4) Special cases and tie-breakers:
   - If only one allowed move is given, select it (you may note it’s the only allowed move).
   - If two candidates are strong, choose the one that is more forcing or yields a more durable, unavoidable advantage (e.g., forced mate or clear material gain).
   - Do not dismiss a forcing line on vague “king safety” grounds; either refute it concretely or accept it if it stands.
5) Style and constraints:
   - Be concise and factual. Do not include engine scores or vague claims.

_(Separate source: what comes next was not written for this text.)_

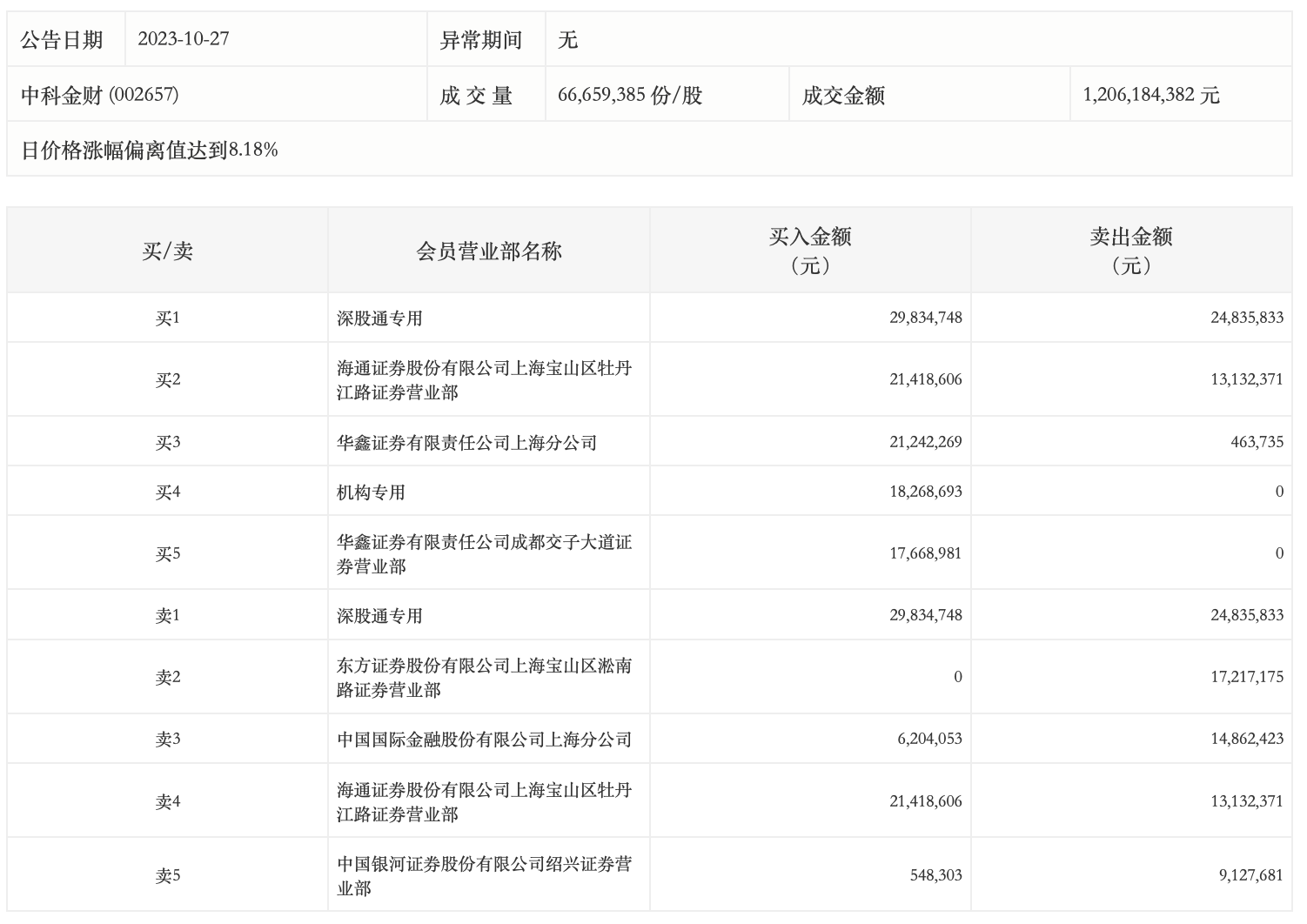10月27日,中科金财今日涨停,龙虎榜数据显示,上榜营业部席位全天成交1.95亿元,占当日总成交金额比例为16.15%。其中,买入金额为1.15亿元,卖出金额为7963.92万元,合计净买入3554.64万元。

   - Include a brief PV for tactical/forcing positions: your move, opponent’s best reply, and one or two key follow-up moves.
   - Use precise square references and correct piece identities based on the FEN.

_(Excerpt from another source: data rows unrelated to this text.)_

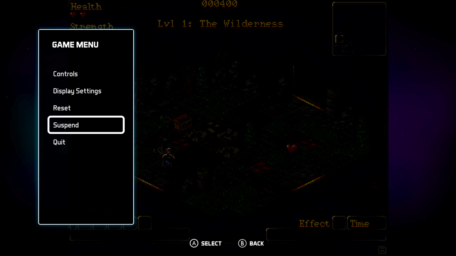 Um eine Roguecraft DX-Sitzung zu unterbrechen, öffne das Evercade-Menü (siehe oben) mit der Menütaste auf deinem Controller und wähle dann „Unterbrechen“. Dadurch wird dein Spiel gespeichert und du kehrst zum Evercade-Hauptmenü zurück.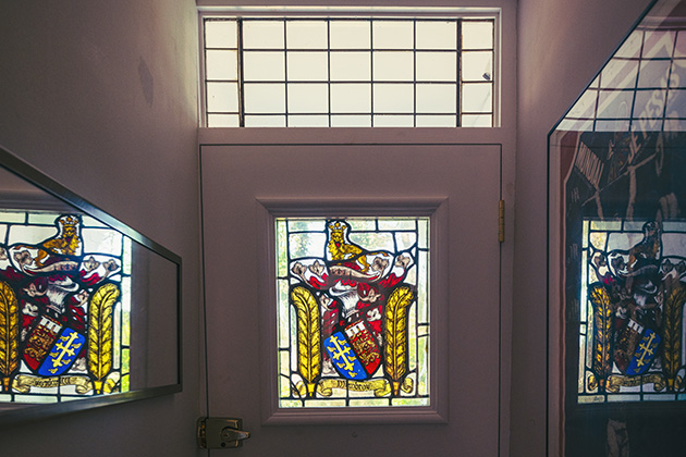 - Bespoke front door installed with antique stained glass coat of arms panel, copper arts and crafts letter box, matching ironmongery
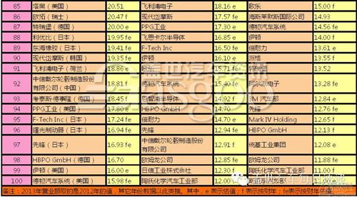 下表為近三年全球汽車零部件配套供應商百強名單:

   - Output format must be exactly:
     reasoning: <short, factual justification with key line(s)>
     solution: <best move in UCI notation>

Domain reminders and common pitfalls (avoid them)
- Confirm the side to move from the FEN; never assume.
- Verify sliding paths are clear before asserting a check/capture.
- Before claiming a capture or check (e.g., Qg7+, Nxg5, Rxd8), confirm the piece can legally reach the destination and the line is not blocked.
- When asserting mate, systematically eliminate: king moves, interpositions, and captures (including unusual ones like EP when legal).
- Promotions must include the correct UCI promotion letter (q/r/b/n); ensure the pawn starts on the correct rank and reaches the last rank.
- En passant is only legal when the FEN’s EP square enables it in that exact ply.
- Among allowed moves, prefer decisive forcing tactics (e.g., immediate checkmate or winning material) over “safer-looking” non-forcing moves; verify by calculating the opponent’s best reply, not a cooperative one.

Decision/verification checklist before finalizing
- Parsed FEN fields correctly; board and side to move verified.
- Legalities checked: move pattern, occupancy, pins (king not left in check), castling/EP specifics where relevant.
- Forcing lines examined for each allowed move; opponent’s strongest defense considered.
- If claiming check/mate/material win, verified with explicit lines and defenses refuted.
- Chosen move is in allowed_moves and encoded correctly in UCI (with promotion when applicable).
- reasoning is concise, factual, includes one short PV and the key idea(s).

Getting this prompt took 40 minutes with five examples used as training and five as validation.